June 2007 Archives

Long Running Data Migrations during Database Refactorings.

When you are refactoring large databases, you will have certain tables that have millions of rows, so lets say we are doing the Move Column refactoring, moving the TaxAmount column from Charge table which has millions of rows to TaxCharge table. Create the TaxAmount column in the TaxCharge table. Then have to move the data from the TaxAmount column in the Charge table to the TaxAmount column you created in the TaxCharge table.

One way to move the data would be to write a single update statement as shown below.

UPDATE taxCharge set taxAmount=
(SELECT taxAmount FROM charge
WHERE charge.chargeid = taxCharge.chargeID);

Now this update will run for some time and will be run as one transaction, the Update operation will need a lot of UNDO space (UNDO space in oracle other databases may need other types of space, but the general idea is some space is needed by the database server ), so there is a probability of the update failing if the database server runs out of UNDO space, another side effect of moving large amounts of data using a single update (transaction) is that all the updated rows in the TaxCharge table will be locked till the whole update transaction is done and a commit is issued.
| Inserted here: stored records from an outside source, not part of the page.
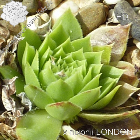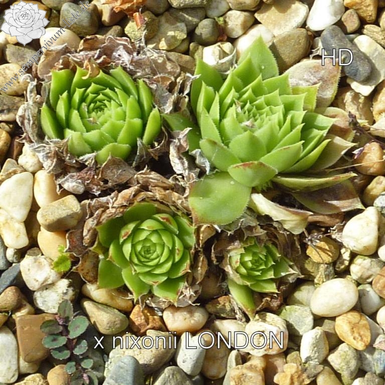Diese Züchtung gehört zu den Hybriden mit den größeren Rosetten aus der Gruppe der Bastarde von S. heuffelii mit den S. globiferum Unterarten. cv. London ist bislang kaum verbreitet. Wir haben sie vor einigen Jahren vom Züchter erhalten.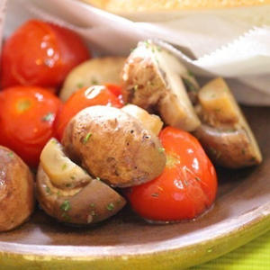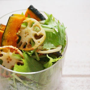 今が旬の枝豆をたこと一緒にオリーブオイルで炒めました。赤みがかったたこときれいな緑色の枝豆の色のコントラストも美しいメニューです☆かぼちゃやレンコンをグリルするひと手間がおいしさアップになるサラダ、バターが香るトマトとマッシュルームの蒸し物と一緒に、パンを主食として楽しめる献立になっています♪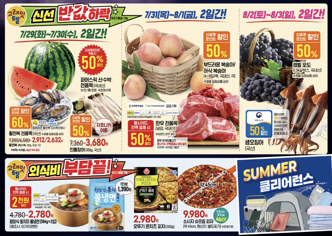 - 주제: 여름 장보기 피날레! 초특가 상품 총출동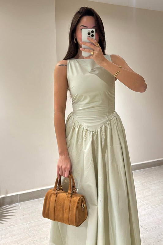 YEŞİL BEL DEKOLTELİ ELBİSE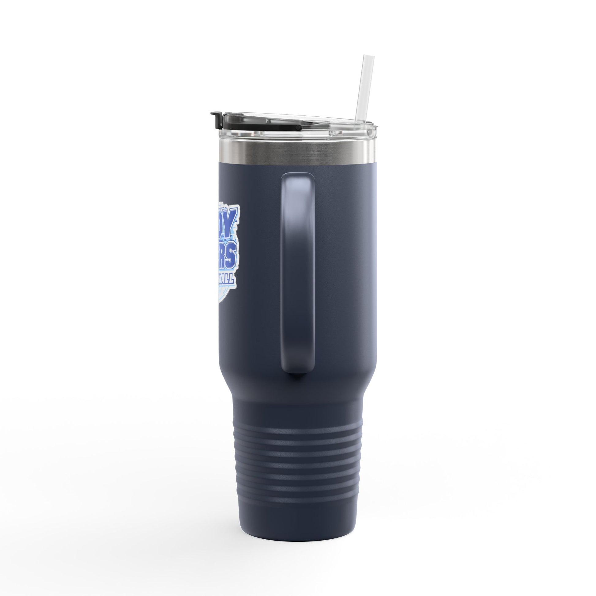This 40oz insulated travel mug holds an all-day cup of coffee or a long road-trip supply of iced tea. Built from rust-resistant stainless steel with double-wall insulation, it keeps drinks hot or cold for hours. The ergonomic handle and included straw make it easy to sip on the go, and the leak-resistant push-on lid with a secure latch keeps tumbler contents controlled while you’re moving. The smooth powder-coated finish accepts vibrant UV-DTF artwork, so your team logo or custom design stays crisp. Durable, BPA-free, and available in multiple colors, this tumbler suits long practices, busy commutes, and sideline mornings.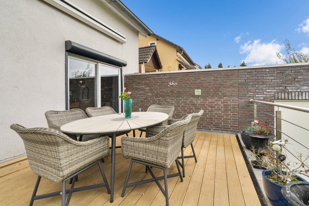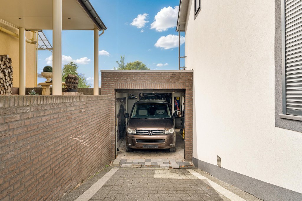 De achtertuin is gelegen op het Zuidwesten en is ingedeeld in twee niveau’s. Op woonkamerniveau bevindt zich een ruim terras met elektrisch zonnescherm en op kelderniveau bevindt zich een gazon, zijingang en heeft men toegang tot de riante garage (ca. 46 m²). Geniet in de tuin van een vrije ligging aan de achterzijde.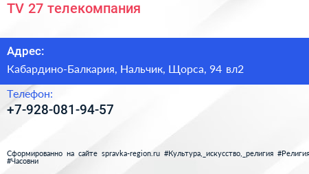 TV-27, телекомпания по адресу Кабардино-Балкария, Нальчик, Щорса, 94 вл2 в дальнейшем Организация, размещена в следующих категориях: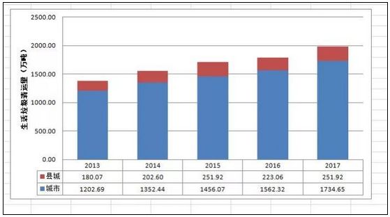 上圖:江蘇省生活垃圾清運(yùn)量統(tǒng)計(jì),來源:住建部城鄉(xiāng)建設(shè)統(tǒng)計(jì)年鑒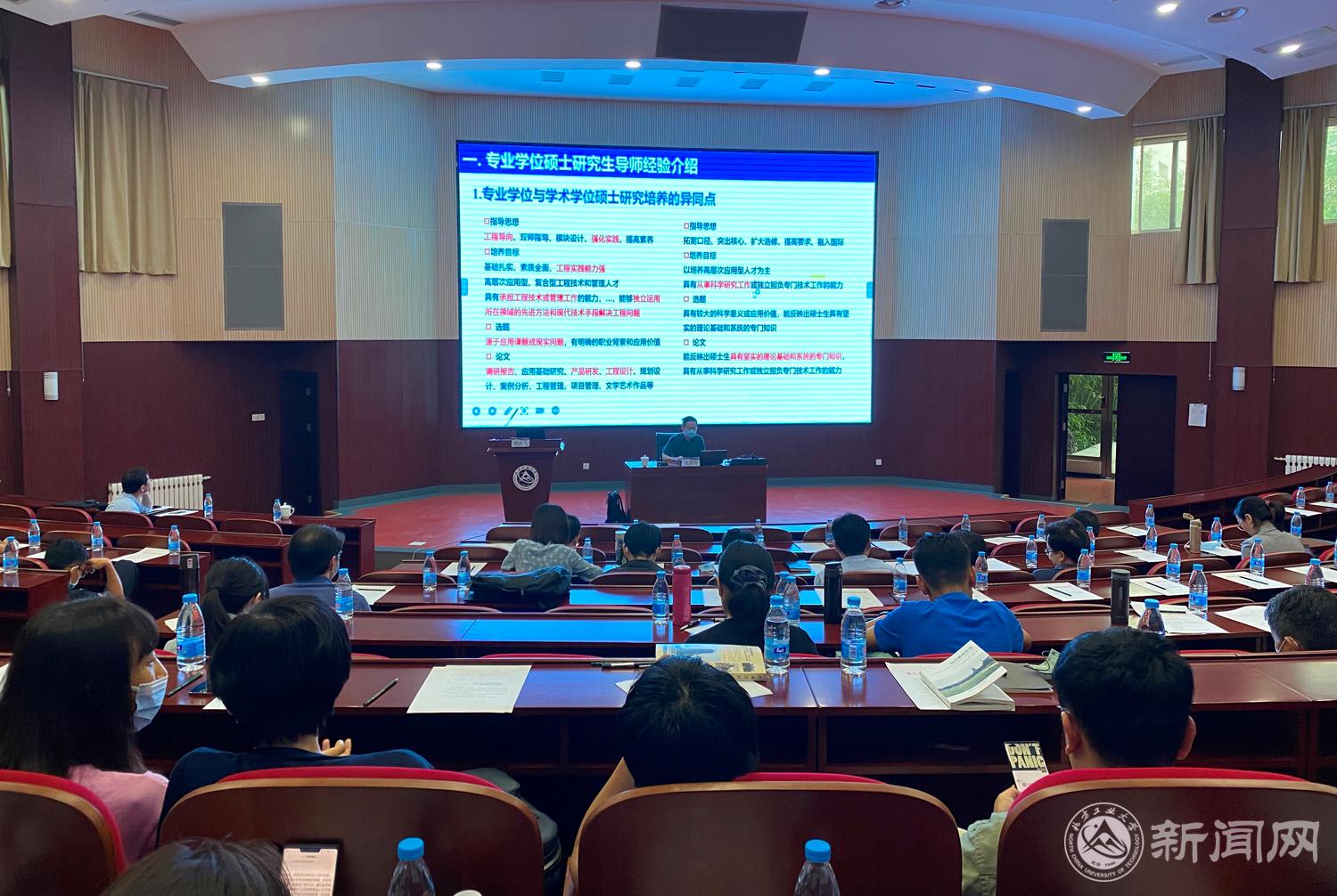 北京工业大学范晋伟教授应邀做了《专业学位导师经验及基于产学研基地的专业硕士培养模式改革》的报告。范教授结合自己30余年的工作经历,介绍了硕士生导师提高业务水平的方向、措施以及指导硕士生的要点,特别是如何从工程应用中提炼出科学问题,范教授详细地介绍了自身的一些有益做法和建议,指导教师们纷纷表示很受启发。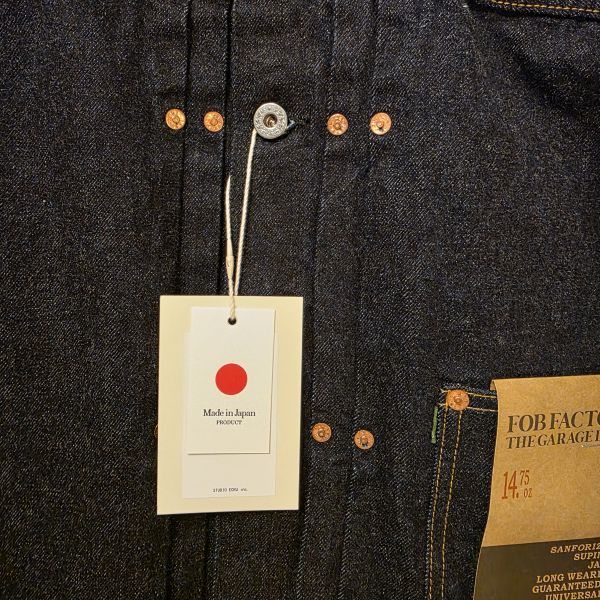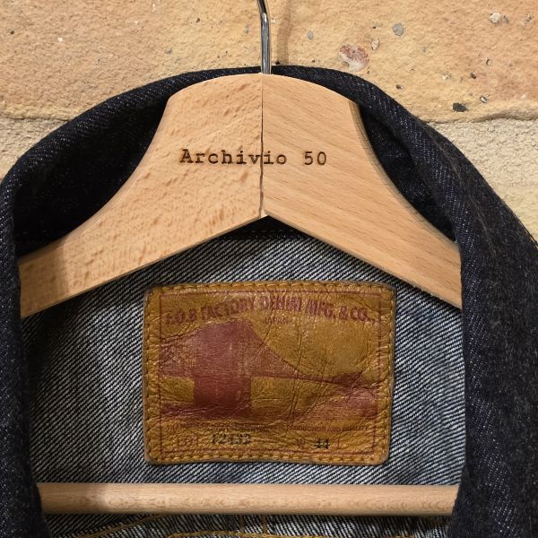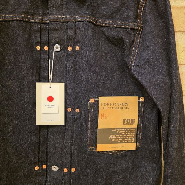 Giacca in Denim cimosato da 14,75 oz robusta e resistente, prodotta da F.O.B. da oltre 30 anni.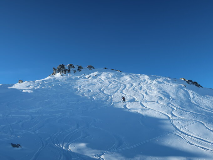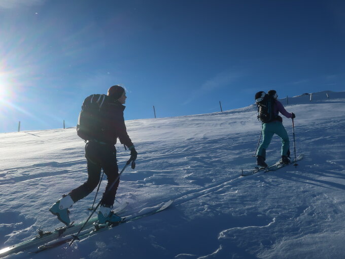 Hengstschlund winterlich eingeschneit, Spur gut, teilweise schon etwas glasig, daher haben wir z.T. eine neue Spur gelegt. Abfahrt über Schattig Riprächte mit Gegenaufstieg zum Grenchengalm, sehr lohnend(!), da am Hane recht abgeblasen. Abfahrt fast durchgehend Pulver wenn man die Nordexpositionen wählt

Getting around this problem is to use a programmatic update, like the PL/SQL code shown below. This code can be implemented in the database procedural code like TSQL or any other language appropriate for the task.

DECLARE
CURSOR allCharges IS
    SELECT chargeId, taxAmount FROM charge;
numberOfRowsToCommit NUMBER :=1000;
BEGIN
FOR thisCharge IN allCharges LOOP
    UPDATE taxCharge SET taxamount=thisCharge.taxAmount 
        WHERE chargeid = thisCharge.chargeid;
    IF allCharges%rowcount MOD numberOfRowsToCommit = 0 THEN
        COMMIT;
    END IF;
END LOOP;
END;
/

The above PL/SQL code basically loops through all the rows in the Charge table and updates the TaxCharge table with the taxAmount and commits after every 1000 rows (as defined by numberOfRowsToCommit). This approach allows us to work with a smaller UNDO size, releases (not lock) rows once they are committed after every 1000 rows. Off course there are many variations of this technique and many ways to implement this particular update. The point I'm trying to get to is that, depending on the situation, I will choose different ways to update the data and maybe not always use UPDATE statements.

XP2007 Tutorial

I will presenting about Database Refactoring: Evolutionary Database Design at XP 2007 here is the Tutorial schedule

Enforcing your assumptions about database functionality

When you are writing xUnit tests you are in certain ways trying to make sure that the test breaks when the code that is being tested changes the assumptions you made when writing the Test and Production code.

Similarly if you are relying on the database to throw a error when you put invalid data, then you should write a test around this assumption, so that when someone changes the database to not behave the way you assumed it to behave, the test you wrote will break and it will force the team to think about the change to the database that is being undertaken. If the change is really required, then the team would fix the test else rollback the change being made.

Here is a example.

    public void testShouldNotCreateEmployeeWhenHireDateGreaterThanTerminationDate()  {
        employee.setEmployeeID(employeeId);
        employee.setHireDate(hireDate);
        employee.setTerminatedDate(terminatedDate);
        boolean hadException = false;
        try {
            employeeGateway.insert(employee);
        } catch (SQLException e) {
            hadException = true;
        }
        assertTrue("Termination date before hiredate should not be allowed by the database", hadException);
    }

On the Employee table, we have a Check constraint that checks if the TerminationDate is before HireDate. When a employee with hiredata greater than termination date is entered the database will throw a exception. This functionality provided by the database can be assumed by the application. If this database design changes the team will need to change all the affected code, hence its better to put a test around this assumption and fail the test suite when the database design changes.

The failed test will force the team to look at why the database design was the way it was designed and what other places in the code need to change if the database design changes. Obviously you can do this validation in the application before you persist the Employee object to the database. In situations where the database is also being accessed by other applications, its better to delegate the data quality constraints to the database, instead of relying on other apps to do the right thing.

Another way to do the above test would be as suggested by Sudhindra.

    public void testShouldNotCreateEmployeeWhenHireDateGreaterThanTerminationDate()  {
        employee.setEmployeeID(employeeId);
        employee.setHireDate(hireDate);
        employee.setTerminatedDate(terminatedDate);
        try {
            employeeGateway.insert(employee);
            fail("Termination date before hiredate should not be allowed by the database");
        } catch (SQLException e) {
            // expected SQLException
        }
    }